The whole loneliness-as-a-ghost thing is definitely having a moment right now, but I think the more interesting shift is towards horrors that feel systemic rather than personal. You get a lot of haunted house or cursed object stories, sure, but the ones that stick with me are the ones where the evil is baked into the society or the landscape itself. It's less about a monster you can run from and more about a rot you can't escape, like in 'The Grief of Stones' or 'The Only Good Indians' where the past isn't just haunting a person, it's haunting an entire community. That's scarier to me because there's no clear way out; you can't just move towns.

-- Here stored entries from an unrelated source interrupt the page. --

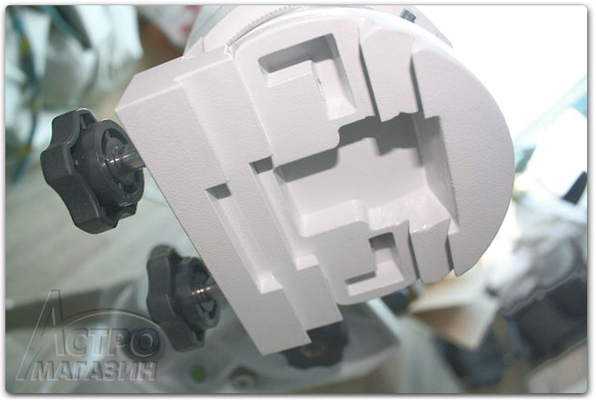 Внешний вид распорки также хорошо знаком владельцам компьютеризированных монтировок. Она поставляется упакованной в пузырчатую пленку. По совместительству распорка работает и полочкой для аксессуаров. Действительно, в отверстия полочки можно вставить 5 окуляров с посадкой 1.25" и 2 окуляра с 2" посадкой. Но лично мне кажется, что монтировки такого уровня редко используются для визуальных наблюдений, да и окуляры в наших условиях могут покрыться влагой за короткое время бездействия. Впрочем, кому-то эта полочка наверняка пригодится.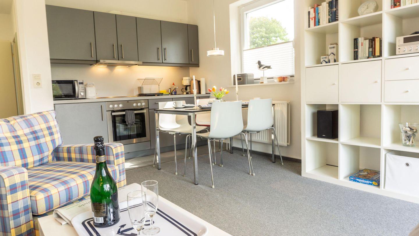 Die Wohnung überzeugt durch ihre praktische Raumaufteilung und gemütliche Einrichtung. Im Wohnzimmer erwarten Sie eine Sofaecke mit Sessel, ein Fernseher mit Satellitenanschluss, HiFi-Anlage, CD-Spieler sowie Bücher und Spiele für die ganze Familie.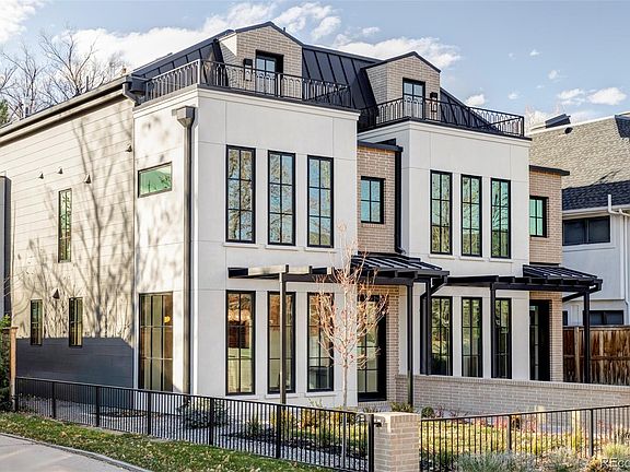 Sophistication melds with modern design in this brand new duplex, perfectly poised in the heart of Cherry Creek North. A contemporary exterior with a welcoming front patio leads into an open-concept floorplan adorned with designer finishes. A formal dining room with exposed large windows, while the chef’s kitchen boasts high-end appliances and an expansive island. The living area, centered by a modern fireplace and cozy reading nook, opens through a vast wall of glass to a private patio with a fireplace. Upstairs, the stunning primary suite impresses with beams and a spa-worthy bath with a wet room. Two additional bedrooms and a flexible loft space with vaulted ceilings, a wet bar and access to a rooftop deck provide elevated living. The finished basement extends the entertainment with an arched bar, dedicated gym and spacious rec area. Just moments from Cherry Creek Shopping Center, this home embodies refined urban living.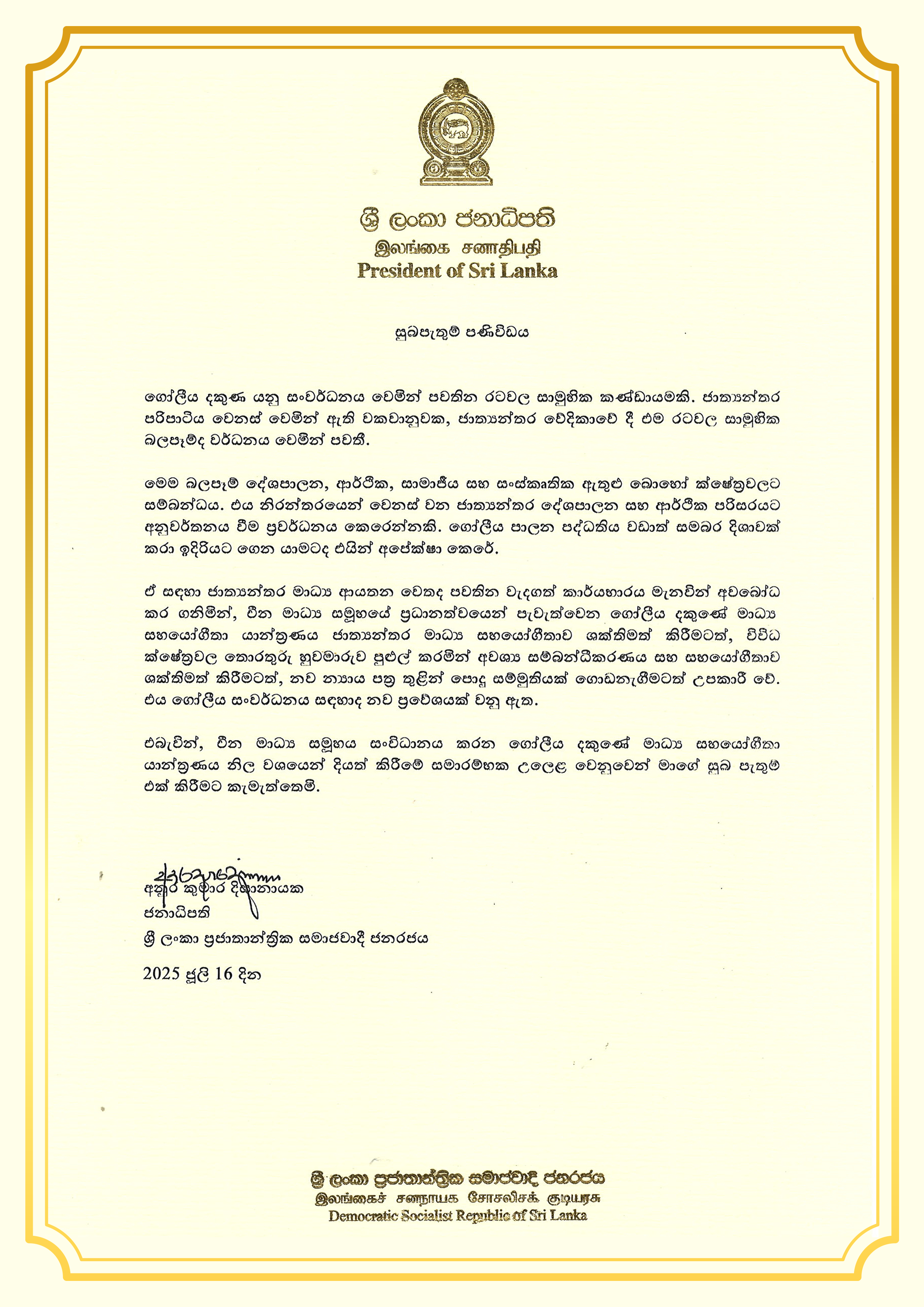 Анура Кумара Диссанаяке в поздравительном письме указал, что по мере глубокой трансформации международной структуры влияние стран Глобального Юга на мировой арене продолжает расти.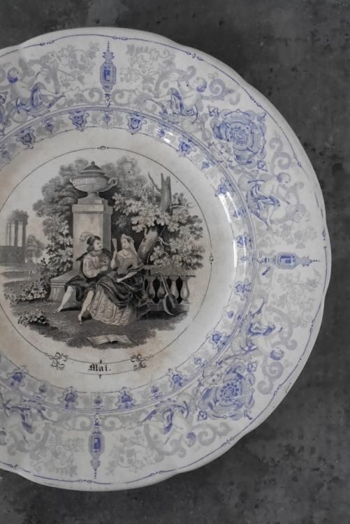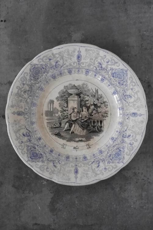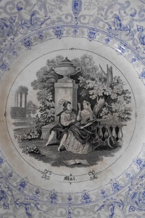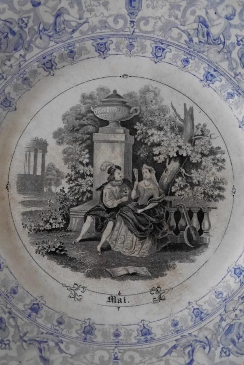 プレート内部はブルジョワジーの12ヶ月の様子が描かれたシリーズのようで、
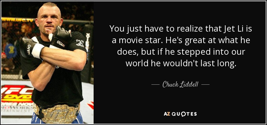 You just have to realize that Jet Li is a movie star. He's great at what he does, but if he stepped into our world he wouldn't last long.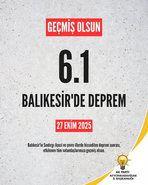 AK Parti Afyonkarahisar İl Başkanlığı, Balıkesir'in Sındırgı ilçesi merkezli meydana gelen deprem nedeniyle bir başsağlığı ve geçmiş olsun mesajı yayımladı.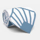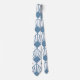 This necktie has an art deco design of dusty blue diamonds with diagonal lines and dark blue diamonds on a field of white.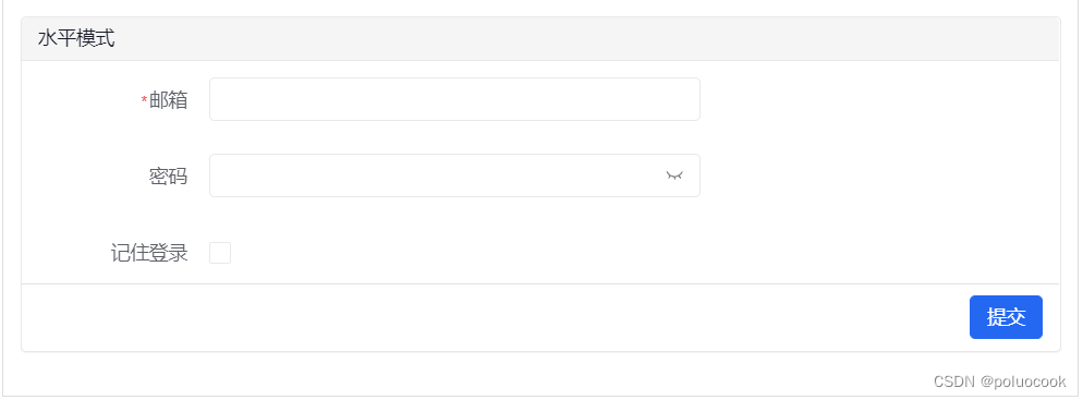 我们可以在mode中添加horizontal是表单水平,也可以通过配置horizontal的属性使其调整偏移量,格式如下: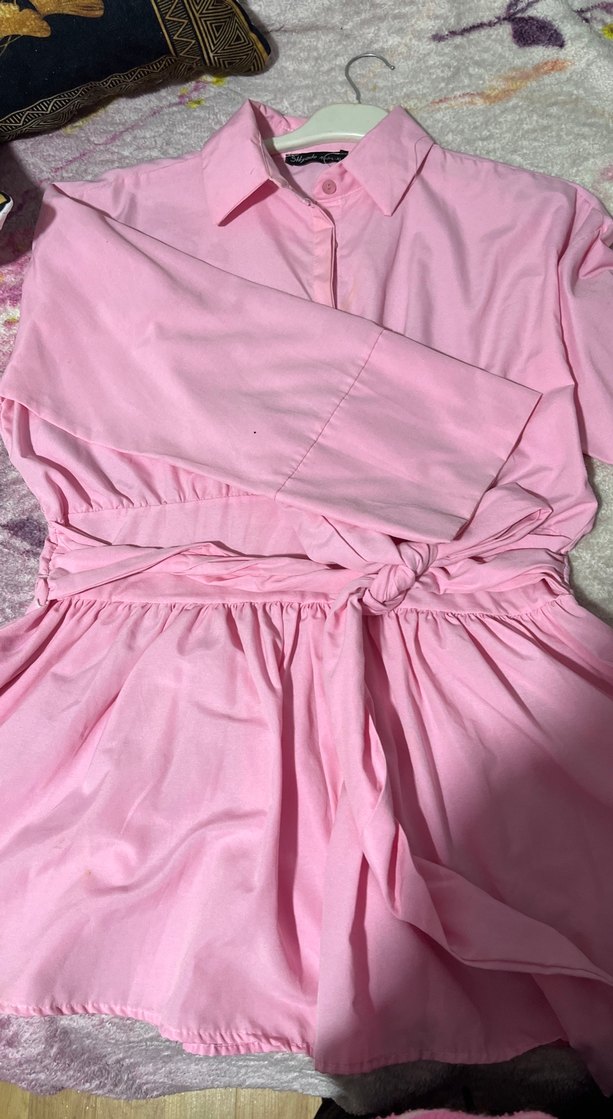 Bu pastel pembe midi elbise, bol kesim, uzun kollu ve bel bağlamalıdır. Desensiz, klasik yakalı, Paris tarzı normcore görünüm sunar.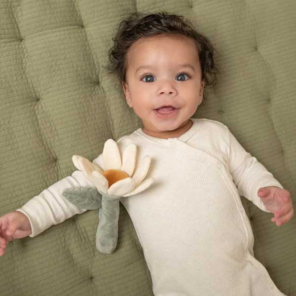 Κουδουνίστρα υφασμάτινη από την εταιρία Little Dutch σε λευκό-γκρι χρώμα και σχήμα λουλούδι. Κατασκευασμένη από 100% polyester που τη καθιστά μαλακή και ανθεκτική. Βοηθάει στην ανάπτυξη του συγχρονισμού χεριών-ματιών και είναι φτιαγμένη από υπέρ-απαλά υλικά για να μπορεί να κρατηθεί εύκολα από τα χεράκια μικρών παιδιών. Πιστοποιημένη με τα ευρωπαϊκά πρότυπα ασφαλείας EN-71-1-2-3. Κατάλληλη για ηλικίες 0+ μηνών.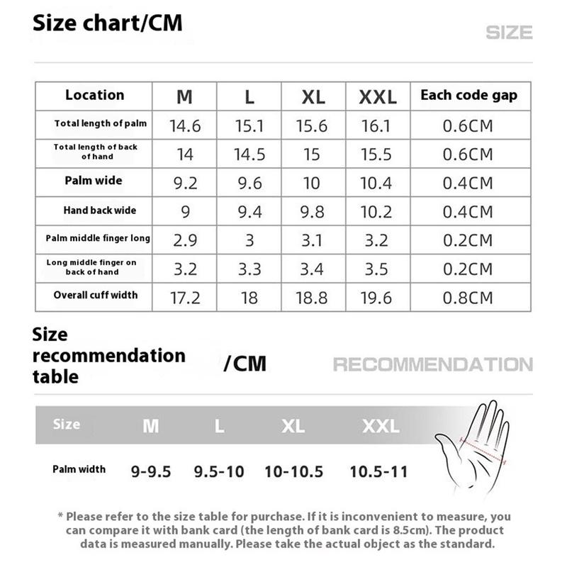 - Størrelse M: Håndflatebredde: 9,2 cm; Total lengde på håndflaten: 14,6 cm

A theme I'm kind of tired of, honestly, is the 'technology as monster' angle. We've seen it a million times—evil AI, cursed apps, social media ghosts. It often feels like an older writer trying to sound relevant, and the rules of the horror never quite land because tech changes too fast. The good stuff now seems to use modern anxiety as a texture, not the whole plot. Like, the dread of financial instability or medical debt becomes the engine for a story about making terrible, irreversible choices, not just a ghost in the smartphone.

Also, body horror has gotten so much more intricate and less about gore for gore's sake. It's linked to identity now, the horror of your own body betraying you or becoming something you don't recognize, which ties into transhumanism or chronic illness allegories. That feels very modern.